Along the lines of fruits and flowers – I’m also growing some new hybrids.  This is P. “Temptation X Temptation.”  It’s a tetraploid – which means that it has been manipulated to have double the number of genes.  This tends to yield very vigorous plants.  I’m hoping that they prove cold-hardy here; we’re on the edge of their zone tolerance.

 

 

This delicate and beautiful white flower is from P. “Bill’s Delight” – which I got by mail-order, and was doing really well until it just turned brown in the stem and died from the base upward.  I don’t know what got to it.  I’ll probably get another one this fall, and try it again; the flower is really lovely. There are other white P. incarnata sports that are supposed to have more fruit (this one has more flowers, fewer fruits) and I’ll probably try one of those as well.
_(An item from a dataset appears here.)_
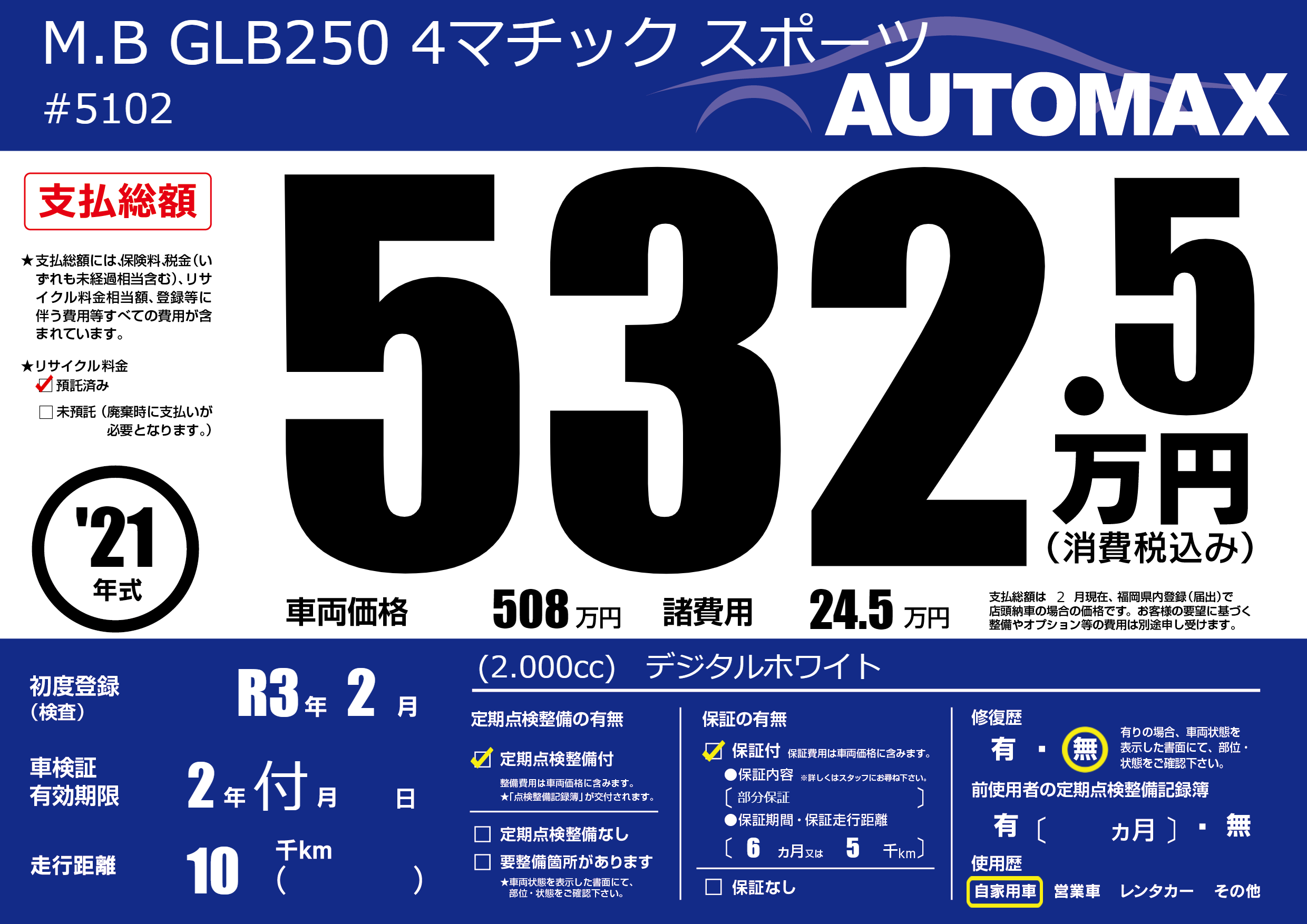 | 車名 | M.B GLB250 4マチック スポーツ | グレード ミッション 排気量 |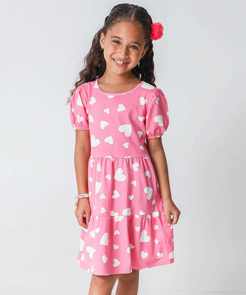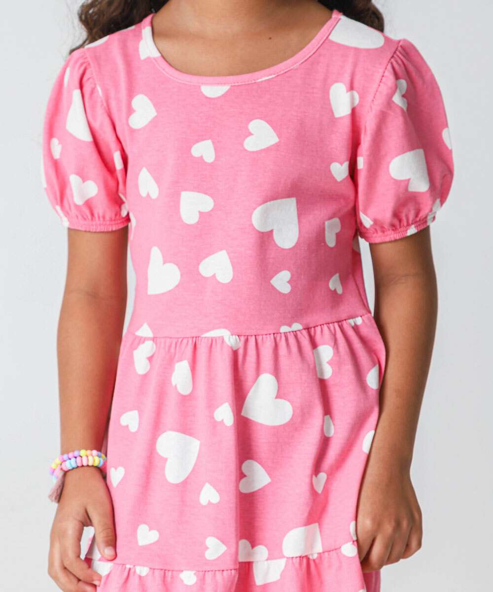 Vestido Infantil Corações Manga Bufante Marisa Tam 4 a 10 Rosa

Currently, in the yard I have: Passiflora incarnata, Passiflora “Incense,” Passiflora caerulea, Passiflora “Constance Elliott,” Passiflora belotii (=alatocaerulea), Passiflora lutea, Passiflora “Amethyst,” Passiflora “Bucky,” Passiflora “Temptation x Temptation,” Passiflora “Clear Sky,” and one hybrid that I’m not sure of the name, and I’m waiting for flowers to get help with an ID.

 

 

With passionflowers, we always get plenty of these – this is the chrysalis of a Gulf Fritillary, Agraulis vanillae.  Unfortunately, I have to use some organic insect spray against them to keep them from totally stripping the vines.  They can have any on the back of the fence, and I have the ones on the front of the fence.

 

 

Gulf Fritillary on the lantana.  This shot is from last fall, but we’ve had lots this summer as well.

 

 

This Giant Swallowtail, Papilio cresphontes, really loves the lantana.  It doesn’t sit still very well, though!  Every picture of it was blurred somewhere.

 

 

With all the rain, the basil is doing great, we’ve got lots of squash and tomatoes… but also lots of bermuda grass and weeds.  It’s just too hot to spend much time weeding.

 

3 replies
  1. glennis
    glennis says:

    thanks for the garden update and all the passion flower info. thats one thing i have never put in here. you make me want to add one. i used to enjoy one in the yard of a house i rented years ago. they grow very easily here.

  2. Lisa Wells
    Lisa Wells says:

    I loved growing up with passionfruit in Australia (in the Sydney area) and would love to grow one here in Plano, (just north of Dallas, TX) but really am more interested in getting the best fruit. What would you recommend? I prefer the purple colored fruit but have seen yellow ones as well. Is there any difference tastewise between the two? I would love something that won’t take over the yard and would consider growing in a large pot so that I could get the best sun as much of my yard is now shaded due to neighbors large trees on both sides of my property.Appreciate your input.

  3. Michael
    Michael says:

    Lisa, both of those (yellow-skin type and purple-skin type) are P. edulis cultivars – they will grow here during the warm months, but they won’t survive our winters. You can occasionally find them at local nurseries, but not often – you’d have better luck ordering from an online greenhouse supplier. The best fruit for here in Dallas is P. incarnata, the wild type – and you can find that at a number of online retailers, sometimes you’ll find it at nurseries, and you can find it on the hillsides around Dallas! I pick from several patches; you can visit the patch with a shovel, and get a bunch of little plant starts. They WILL spread… they runner like mint… so just be aware of that, and a pot would keep them contained but also may limit fruiting because the roots won’t have enough space to draw from.